Затянувшуюся цитату необходимо прервать. Далее Дантес пишет, что для него пытка - любить и быть любимым и не иметь другой возможности говорить с возлюбленной иначе как между фигурами контрданса. Он обиняками дает понять Геккерену, о какой именно даме идет речь, и снова умоляет ни в коем случае не выдать его и ее тайну.
Как видим, это бесконечно далеко и от бездумной любовной игры, и от расчетливого карьеризма. Столь же убедительно это первое же письмо опровергает все другие версии, выдвигавшиеся в разное время: Пушкин как жертва заговора международной реакции, Пушкин как жертва целенаправленных козней Николая I и Бенкендорфа и проч.

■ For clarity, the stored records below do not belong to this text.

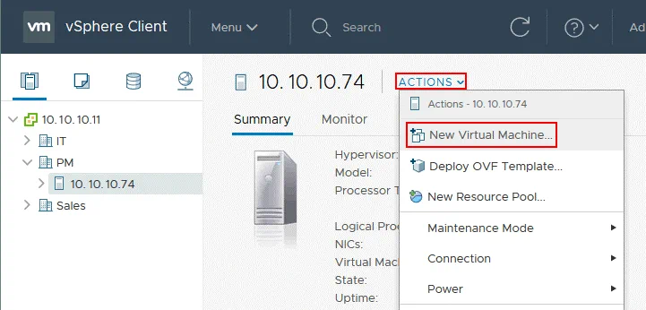 Vaya a Hosts y Clusters en VMware vSphere Client, seleccione el host ESXi necesario (10.10.10.74 en este caso), pulse Acciones y en el menú desplegado, pulse Nueva Máquina Virtual.
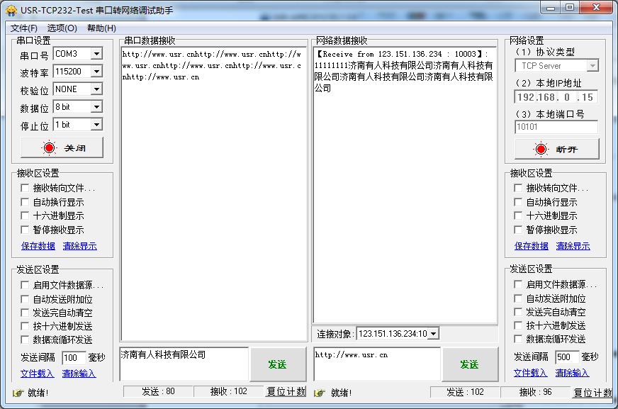 9、 通過(guò)調(diào)試助手建立TCPSERVER,串口和網(wǎng)絡(luò)端分別發(fā)送數(shù)據(jù)來(lái)測(cè)試:
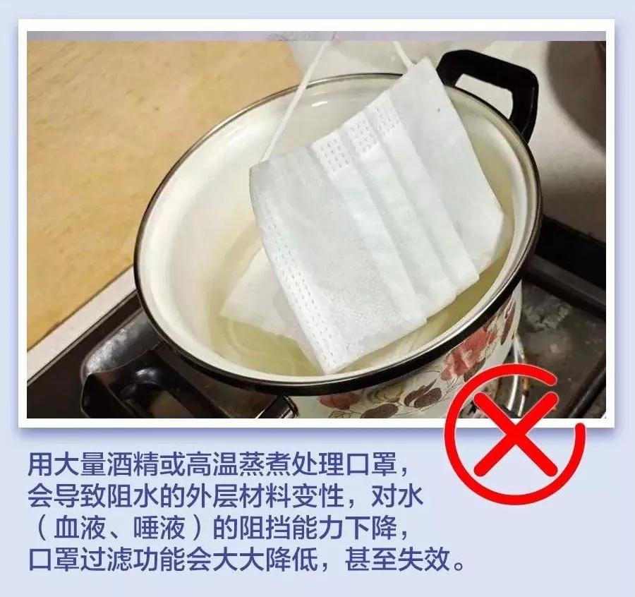 口罩外層也有類似的阻水效果,如果用大量酒精或高溫蒸煮處理口罩,會導致外層材料變性,對水(血液、唾液)的阻擋能力下降,口罩的過濾功能會大大降低,甚至失效。其實,只要不是去過人員密集的公共場所(如醫(yī)院),可以循環(huán)利用的口罩不必消毒。
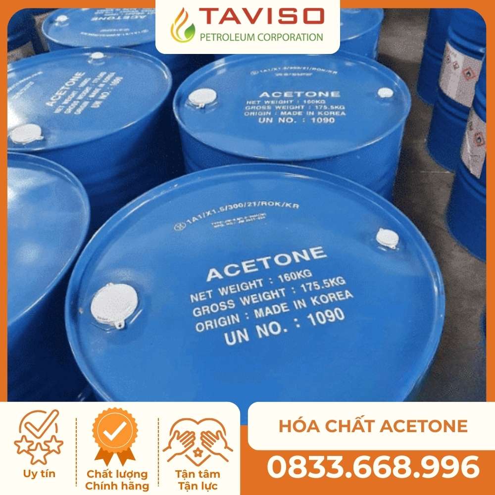 Acetone (hay Axeton) là hợp chất hữu cơ có công thức C3H6O, tồn tại dưới dạng chất lỏng trong suốt, không màu và có mùi đặc trưng. Đây là loại dung môi phổ biến nhất trong họ Xeton nhờ khả năng hòa tan tốt trong nước và hầu hết các loại dung môi hữu cơ khác. Hiện nay, Tân Việt Sơn cung cấp sản phẩm Acetone nhập khẩu trực tiếp từ Thái Lan và Đài Loan với quy cách đóng phuy 160kg, đảm bảo độ tinh khiết cao nhất cho các nhu cầu sản xuất công nghiệp và thí nghiệm.
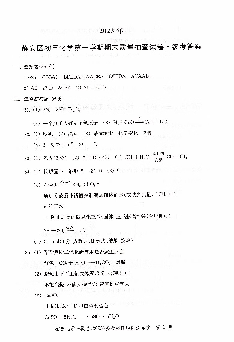 文化课强化训练2021 2021 上海中考化学一模卷 领先一步 2024四年合订本上海市各区初三初中九年级期末抽查模拟试卷仅答案 2024年版
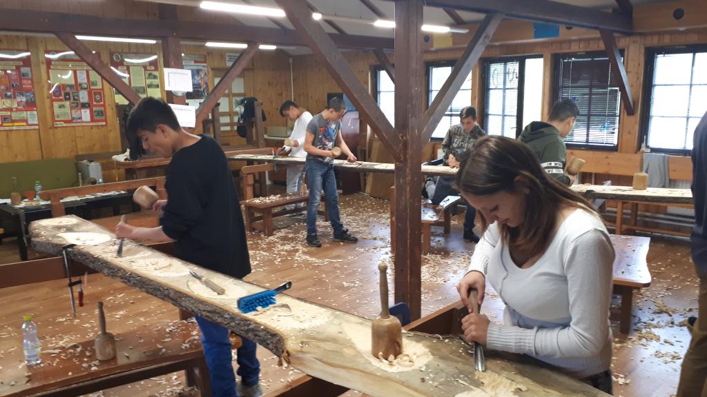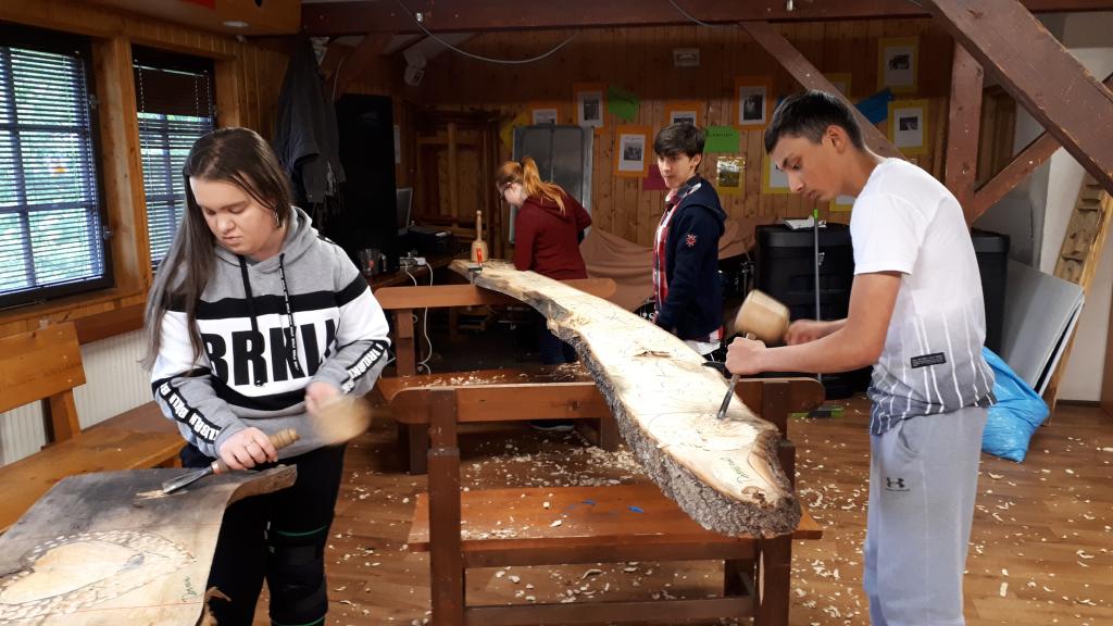 Žáci 2. stupně pracovali v Boudě se dřevem a s dláty - vytvářeli ozdobné ornamenty do dřeva.
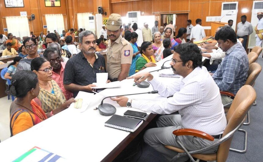 இதையடுத்து இன்று காலை மாவட்ட ஆட்சியர் அலுவலகத்தில் மக்கள் குறைதீர்க்கும் நாள் கூட்டம் நடைபெற்றது. இதில் மாவட்டத்தின் பல்வேறு பகுதிகளில் இருந்து வந்த பொதுமக்கள் கோரிக்கை மனுக்களை அளித்தனர். மனுக்களை பெற்றுக் கொண்ட மாவட்ட ஆட்சியர் லட்சுமிபதி சம்பந்தப்பட்ட துறை அதிகாரிகளிடம் மனுவை வழங்கி உடனடியாக நடவடிக்கை எடுக்க உத்தரவிட்டார்.உடன்மாவட்ட வருவாய் அலுவலர் அஜய் சினிவாசன்
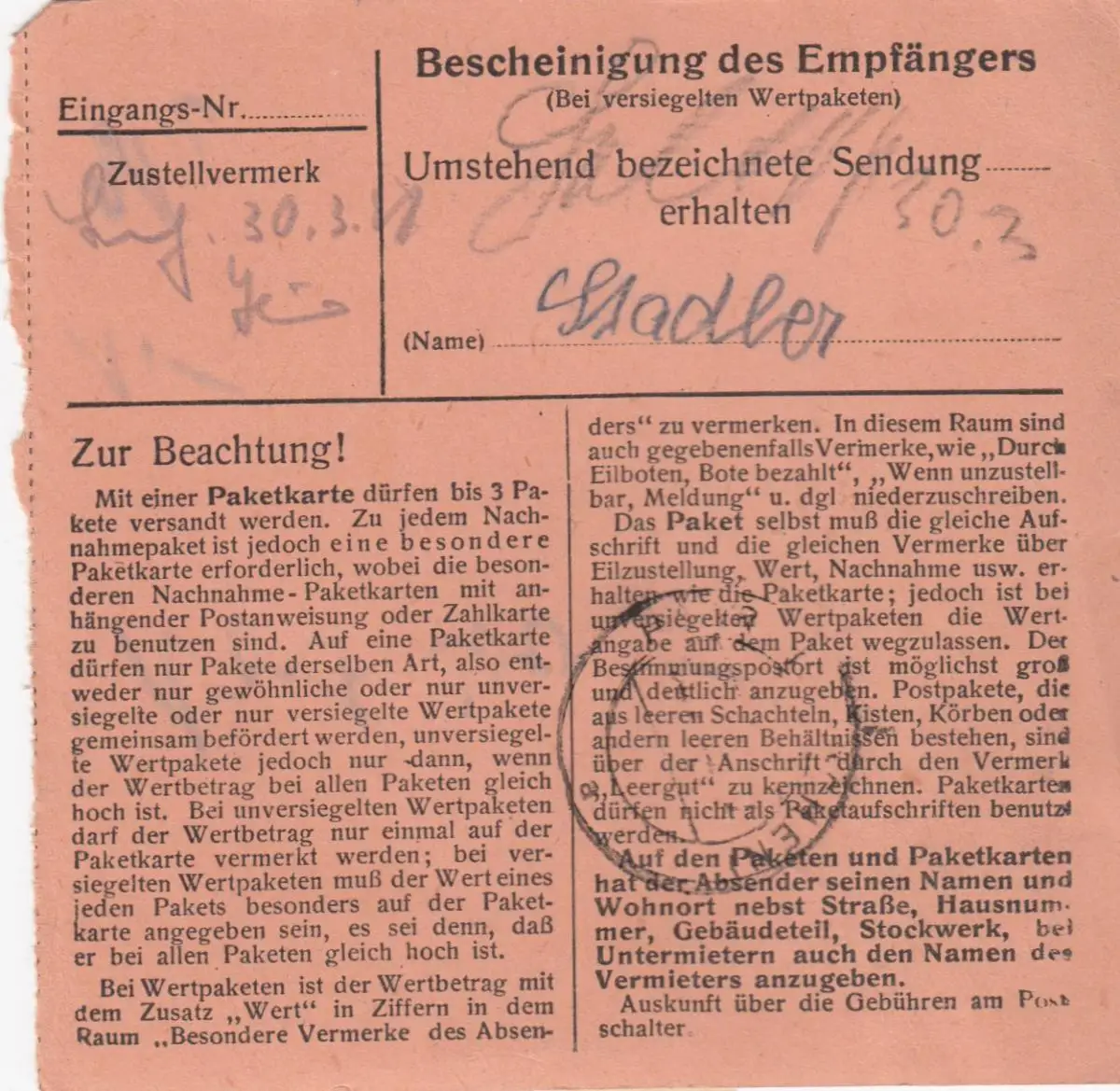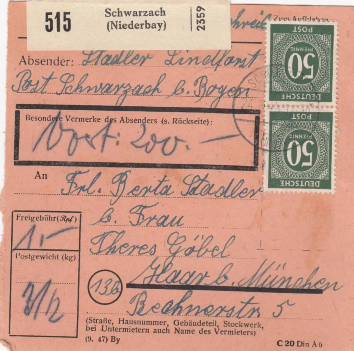 Paketkarte 1948: Schwarzach bei Bogen nach Haar, Wertkarte
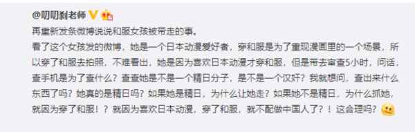 还有账户居然公然开始了造谣,声称“苏州女孩因穿和服被捕”。
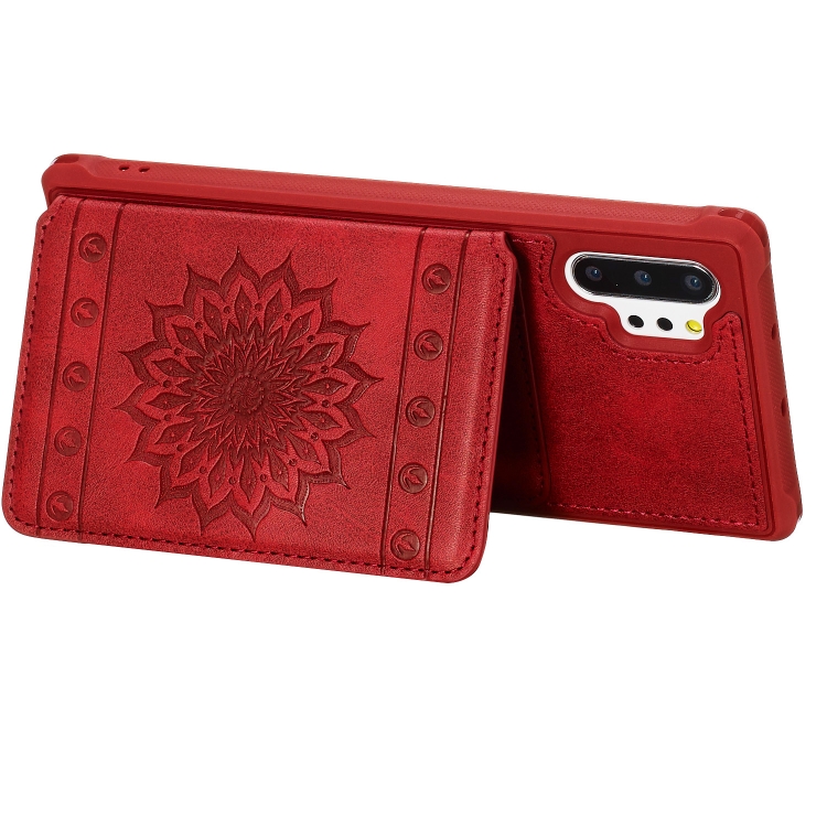 Sunflower Embossing Pattern PU + TPU Case with Holder & Card Slots & Photo Frame & Lanyard
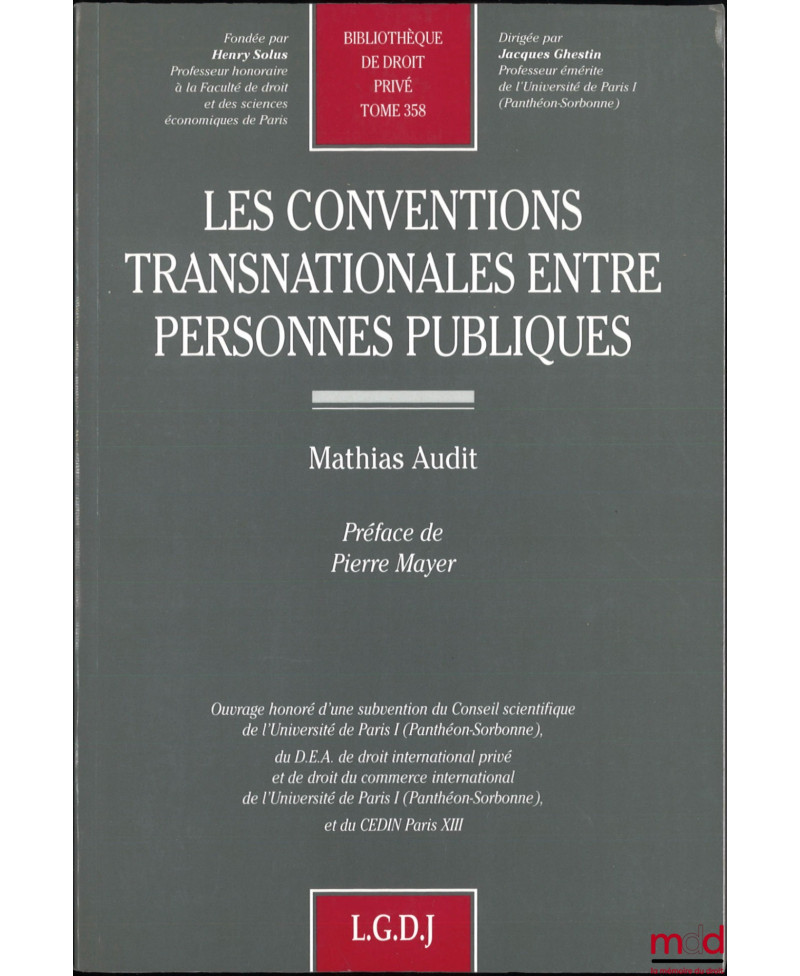 LES CONVENTIONS TRANSNATIONALES ENTRE PERSONNES PUBLIQUES, Préface de Pierre Mayer, Bibl. de droit privé, t. 358
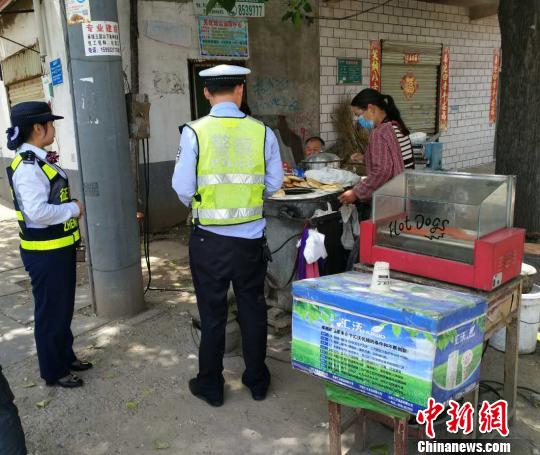 圖為民警帶著老人打聽其家人和住址!≈車恰z
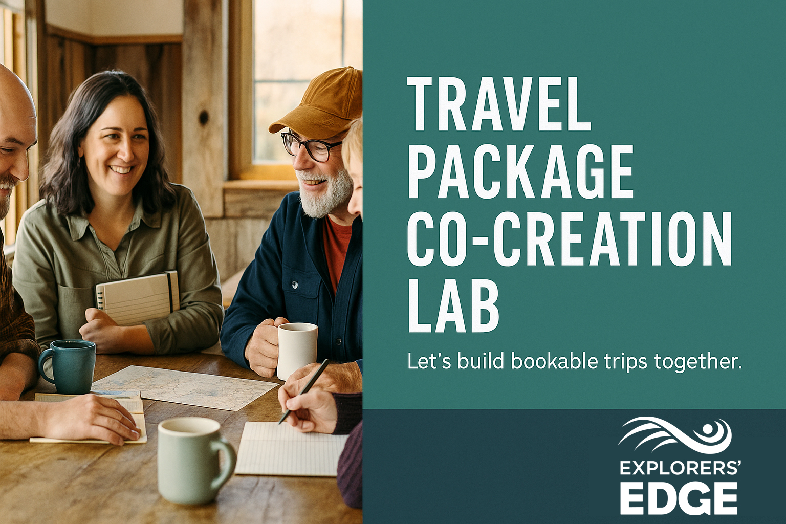 Purpose – The Travel Package Co-Creation Lab is a series of in-person and online sessions hosted by Explorers’ Edge to bring together local tourism businesses, guides, makers, and experience hosts to design market-ready travel packages for the region’s new Regenerative Travel Agency (TICO-licensed).
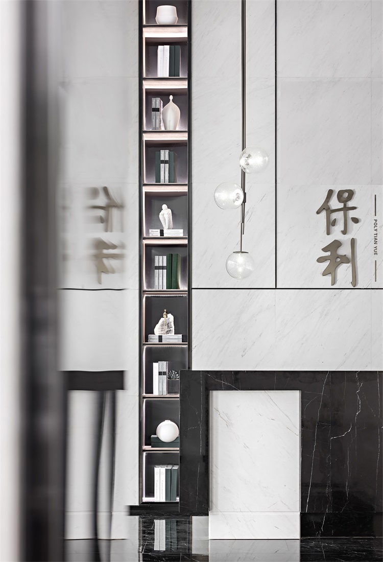 雅士白大理石温润而遒劲,隐约可见的自然肌理,化作简约凝练的饰面形塑空间意境;橙色的局部点缀蕴藏着无限的生机,如同乐章的旋律,在整个空间中变奏交响,悦耳动听。

В начале следующего письма, от 2 февраля, через 11 дней, видно, как пожар разгорается. Дантес говорит: "Теперь я думаю, что люблю ее больше, чем полмесяца тому назад! Право, дорогой мой, эта навязчивая мысль не покидает меня ни во сне, ни наяву, это страшная пытка ... У меня больше, чем когда-либо, оснований быть довольным, так как я добился того, что принят в ее доме; но увидеть ее наедине, думаю, это почти невозможно, и тем не менее это совершенно необходимо; и не в человеческих силах этому помешать, потому что только так я вновь смогу спокойно существовать" (с. 118). В конце письма его автор просит прощения за его краткость и поясняет: "мне не приходит в голову ничего, кроме нее, о ней же я мог бы проговорить всю ночь, да тебе это надоест" (с. 119).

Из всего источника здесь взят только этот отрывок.